** WORK REQUIRED **
Search the listing below for the line containing "12月18日,在饒陽縣蔬菜品種測試基地溫室里,技術人員在測量辣椒的直徑。". From there through the line containing "Χειροποίητος υφασμάτινος κεντημένος", transcribe every line exactly, both ends included.

** DATA TO EXAMINE **
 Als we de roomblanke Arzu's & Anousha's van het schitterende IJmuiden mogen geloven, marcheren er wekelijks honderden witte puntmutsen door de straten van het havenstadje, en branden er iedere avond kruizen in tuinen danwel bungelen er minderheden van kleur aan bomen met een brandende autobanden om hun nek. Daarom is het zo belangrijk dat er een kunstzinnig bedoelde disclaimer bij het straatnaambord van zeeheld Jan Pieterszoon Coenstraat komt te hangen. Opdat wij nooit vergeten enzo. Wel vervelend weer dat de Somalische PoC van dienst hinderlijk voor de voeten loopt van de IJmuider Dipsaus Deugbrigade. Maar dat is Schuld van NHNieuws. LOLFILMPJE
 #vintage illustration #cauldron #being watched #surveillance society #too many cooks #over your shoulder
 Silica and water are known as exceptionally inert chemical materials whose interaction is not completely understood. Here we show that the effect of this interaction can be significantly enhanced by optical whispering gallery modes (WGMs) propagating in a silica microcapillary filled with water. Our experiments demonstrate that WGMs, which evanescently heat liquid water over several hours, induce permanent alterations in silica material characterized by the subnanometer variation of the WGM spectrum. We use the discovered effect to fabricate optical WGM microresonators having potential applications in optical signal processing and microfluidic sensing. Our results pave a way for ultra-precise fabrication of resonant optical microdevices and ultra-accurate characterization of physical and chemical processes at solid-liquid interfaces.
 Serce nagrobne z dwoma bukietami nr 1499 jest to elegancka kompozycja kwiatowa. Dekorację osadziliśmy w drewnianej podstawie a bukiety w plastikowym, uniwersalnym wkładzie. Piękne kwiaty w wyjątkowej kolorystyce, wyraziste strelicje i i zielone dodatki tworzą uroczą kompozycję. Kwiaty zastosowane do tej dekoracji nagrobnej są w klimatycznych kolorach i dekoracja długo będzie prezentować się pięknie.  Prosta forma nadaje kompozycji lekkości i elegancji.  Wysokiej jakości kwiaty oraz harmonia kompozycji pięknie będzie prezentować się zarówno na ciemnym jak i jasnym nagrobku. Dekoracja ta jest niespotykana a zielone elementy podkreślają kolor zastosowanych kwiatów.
* * *
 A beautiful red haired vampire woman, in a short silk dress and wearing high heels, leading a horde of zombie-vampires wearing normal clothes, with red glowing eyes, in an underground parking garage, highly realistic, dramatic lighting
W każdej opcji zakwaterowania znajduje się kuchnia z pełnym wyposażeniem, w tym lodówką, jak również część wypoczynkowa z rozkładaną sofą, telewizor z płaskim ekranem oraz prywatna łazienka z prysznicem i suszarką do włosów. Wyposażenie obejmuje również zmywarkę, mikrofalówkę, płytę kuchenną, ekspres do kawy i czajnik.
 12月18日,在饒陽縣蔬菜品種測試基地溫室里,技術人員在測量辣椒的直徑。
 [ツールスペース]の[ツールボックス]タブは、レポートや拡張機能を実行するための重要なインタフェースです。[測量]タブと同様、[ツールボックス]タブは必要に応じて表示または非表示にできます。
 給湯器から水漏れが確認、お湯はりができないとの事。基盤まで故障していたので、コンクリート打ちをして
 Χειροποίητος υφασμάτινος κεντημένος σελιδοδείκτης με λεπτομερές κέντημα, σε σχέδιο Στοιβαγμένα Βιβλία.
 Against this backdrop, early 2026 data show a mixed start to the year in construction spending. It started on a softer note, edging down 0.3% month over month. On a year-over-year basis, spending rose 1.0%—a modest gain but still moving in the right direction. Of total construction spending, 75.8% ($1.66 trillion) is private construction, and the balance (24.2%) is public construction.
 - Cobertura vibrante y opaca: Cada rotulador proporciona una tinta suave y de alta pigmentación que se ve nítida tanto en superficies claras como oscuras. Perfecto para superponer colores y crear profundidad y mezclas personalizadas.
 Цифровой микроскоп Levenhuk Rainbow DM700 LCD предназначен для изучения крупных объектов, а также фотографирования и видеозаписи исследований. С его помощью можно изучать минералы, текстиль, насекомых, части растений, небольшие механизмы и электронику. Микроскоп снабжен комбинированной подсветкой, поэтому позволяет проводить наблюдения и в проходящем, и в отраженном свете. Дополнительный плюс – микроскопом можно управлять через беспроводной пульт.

** ANSWER FOR THE TASK **
 12月18日,在饒陽縣蔬菜品種測試基地溫室里,技術人員在測量辣椒的直徑。
 [ツールスペース]の[ツールボックス]タブは、レポートや拡張機能を実行するための重要なインタフェースです。[測量]タブと同様、[ツールボックス]タブは必要に応じて表示または非表示にできます。
 給湯器から水漏れが確認、お湯はりができないとの事。基盤まで故障していたので、コンクリート打ちをして
 Χειροποίητος υφασμάτινος κεντημένος σελιδοδείκτης με λεπτομερές κέντημα, σε σχέδιο Στοιβαγμένα Βιβλία.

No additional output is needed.